Murdoch resurrects global TV dream

12 April 2012

THE dream of global dominance in satellite TV broadcasting still arouses passion in the heart of 70-year-old Rupert Murdoch. And he might yet get his chance. The vision appeared to be in tatters nearly a year ago when Murdoch publicly conceded defeat in his battle to add DirecTV - the biggest satellite operation in the US - to his stable.

The News Corp chairman had been outbid by his old sparring partner, Charlie Ergen of EchoStar, and he was bitterly disappointed. But almost a year after the DirecTV battle appeared to be over, there is still no ruling from the US Justice Department on whether to allow a merger between EchoStar and DirecTV.

And now, industry insiders predict that the tie-up will be blocked - or that Ergen will face such tough conditions on the £11.7bn deal that he will be forced to walk away. That would give Murdoch a second chance to realise his American dream - and he knows just the man to make it come true.

A successful News Corp bid for DirecTV could see Tony Ball, the 46-year-old chief executive of BSkyB, become head of Sky Global, the dormant company that Murdoch would revive to push on with his worldwide satellite television interests. Ball was touted as the likely head of Sky Global when Murdoch was first trying to buy DirecTV last year. He has had a successful three years at BSkyB, in which News Corp has a 36% stake.
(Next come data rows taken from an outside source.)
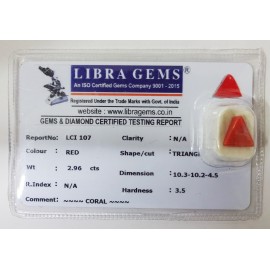REPORT NO . LCI 107CLARITY . N/ACOLOUR . REDSHAPE / CUT . TRIANGLEWT . 2.96 CTSDIMENSION . 10-3.10-2.4-5.R . INDEX . N/AHARDNESS . 3.5COMMENT . CORAL..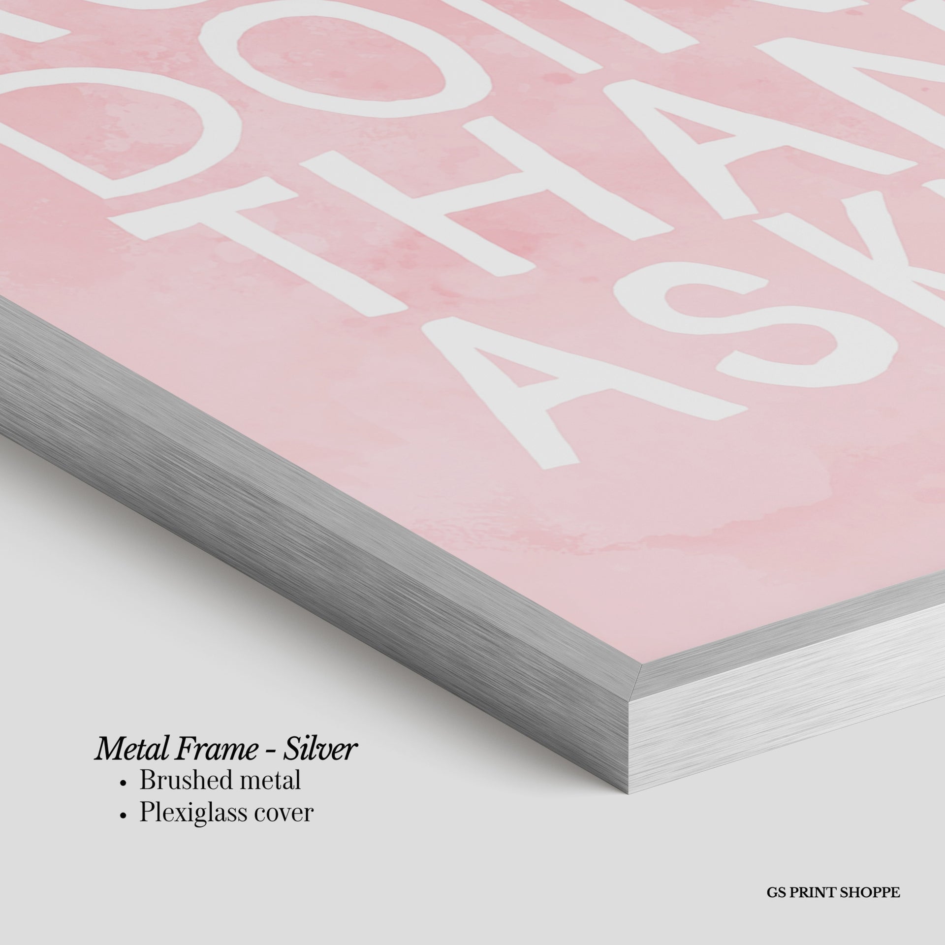 Metal Frame: Sleek and modern, our metal frame is crafted with brushed metal for a polished finish. It comes with durable plexiglass and sturdy metal hangers for horizontal or vertical display.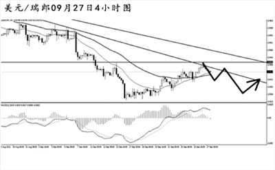 美元兌瑞郎上行挑戰(zhàn)日線圖此前被跌破的道氏低點0.9420一線的阻力,此位置同時也是4小時圖道氏高點的阻力區(qū)域,匯價在此位置遇阻下落。如果美元兌瑞郎不突破0.9420,此波上漲很有可能成為此前下跌的次級趨勢調(diào)整,后市匯價仍有繼續(xù)走低的風險。繼續(xù)關(guān)注此阻力區(qū)域的突破進程來決定短線的操作方向。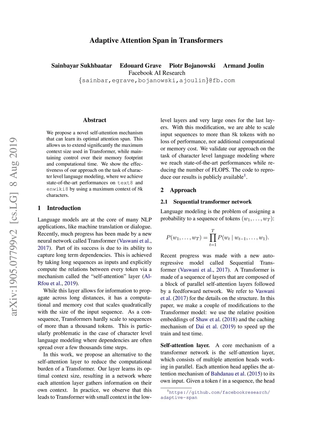 We propose a novel self-attention mechanism that can learn its optimal attention span. This allows us to extend significantly the maximum context size used in Transformer, while maintaining control over their memory footprint and computational time. We show the effectiveness of our approach on the task of character level language modeling, where we achieve state-of-the-art performances on text8 and enwiki8 by using a maximum context of 8k characters.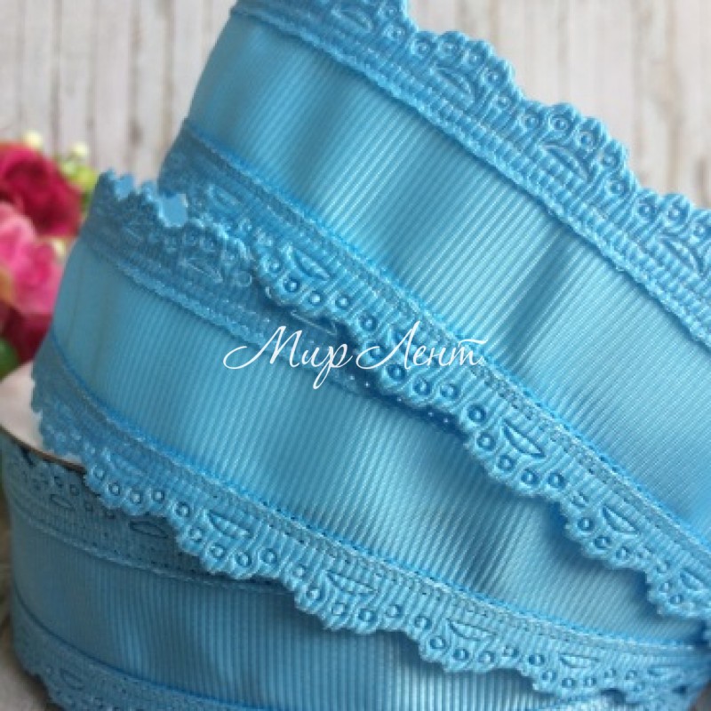 Репс с ажурным кантом, 3,5 см, светло-бирюзовый, рулон 20 ярдов (18,5 м)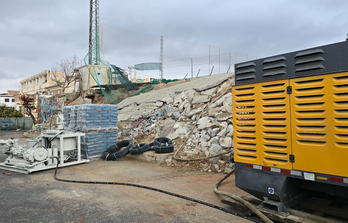 El Ayuntamiento de Huétor Vega informa de que la empresa encargada de la reconstrucción y refuerzo del muro perimetral del polideportivo municipal Las Viñas ya se encuentra trabajando sobre el terreno.

Following the collapse of ITV Digital, BSkyB dominates pay-television with more than 6m subscribers and a stock market value of £11bn.
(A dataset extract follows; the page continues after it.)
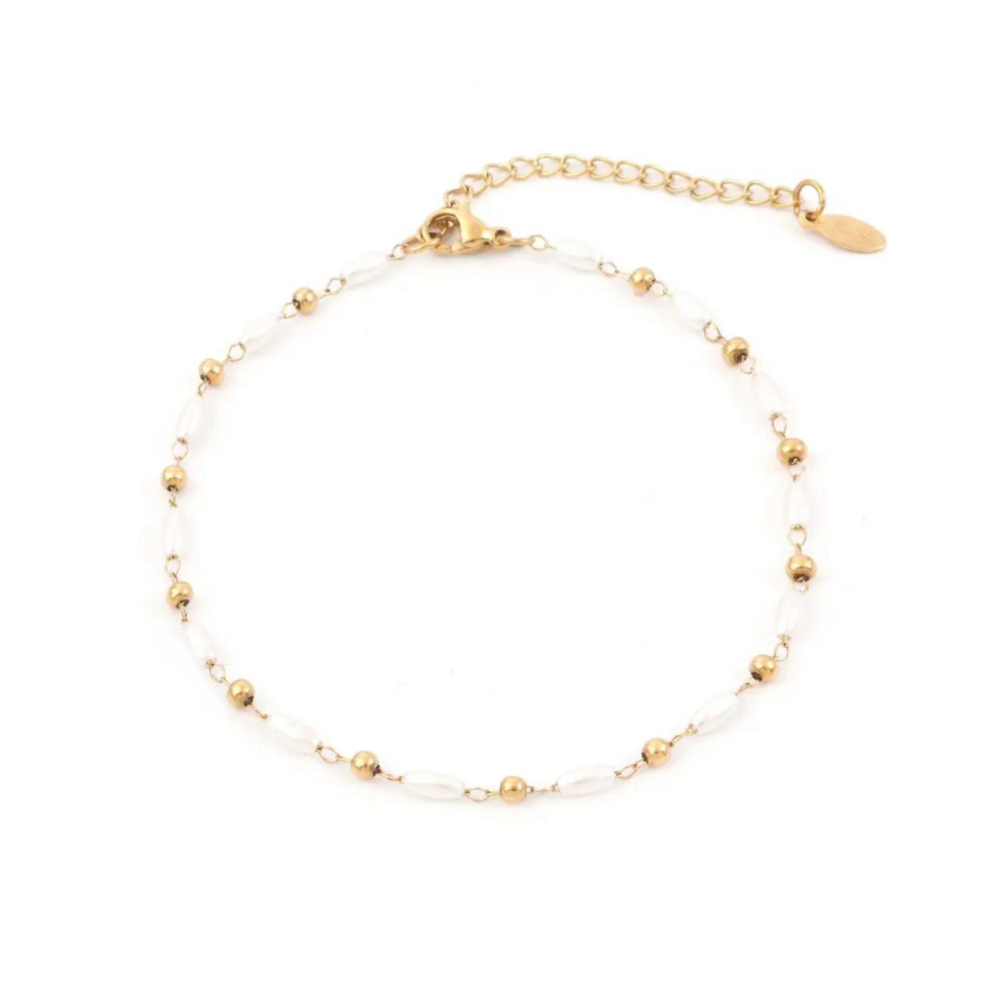 Hoe leuk zijn deze roestvrij stalen parel enkelbandjes? Super leuk boven een sneaker of een slipper.

Ball stepped down as nonexecutive director of Marks & Spencer last week to spend more time on his core business interests. He has signed a new contract at BSkyB, but this is not seen as an obstacle to stop him taking a plum role in the News Corp empire.

Industry analysts predict that the elimination of Ergen, and a tougher economic and regulatory environment, could cut the price that DirecTV majority shareholder General Motors could demand by at least a quarter.

Murdoch, who apparently still has financial backing from software behemoth Microsoft for a second go at DirecTV, is 'watching the situation closely,' according to a News Corp spokesman. 'We are very interested to see the outcome of the regulatory process.'

After Ergen's apparent victory in the DirecTV bidding war last October, Murdoch did not give up. News Corp lobbyists circulated in Washington's halls of power 'The Essential Guide To The EchoStar/ DirecTV Deal', a position paper arguing that Ergen would have a monopoly in rural America, where cable companies do not operate, and could raise prices with impunity. Groups including the National Consumers Federation, the American Council of the Blind and the Latino Coalition joined the fight against Ergen.

News Corp is in pretty good shape. Last month, it unveiled a £4.1bn loss for the year to June, but that was because it wrote down the value of its stake in Gemstar TV, an electronic TV guide system. The price of shares in Murdoch's group has risen by about 20% since the end of July.

News Corp has repaid $2bn in debt while building a $3bn war chest, and the company has $1.5bn in cashflow. Even Murdoch's-Fox TV network, which has seen ratings fall 6.5% this year along with other US terrestrial television networks, is showing signs of improvement.

American Idol, its version of the hit British television show Pop Idol, has attracted huge audiences with last week's final pulling in 23m viewers, the highest audience for a non-sports show on Fox in ten years.

Meanwhile, Murdoch-owned 20th Century Fox studios in Hollywood has seen revenues rise from boxoffice receipts for its hit film Ice Age, while DVD sales of Planet Of The Apes have been strong. With its 10.7m subscribers, DirecTV would give Murdoch dominance of the vital US satellite television business - the one major pay-TV market that has so far eluded him.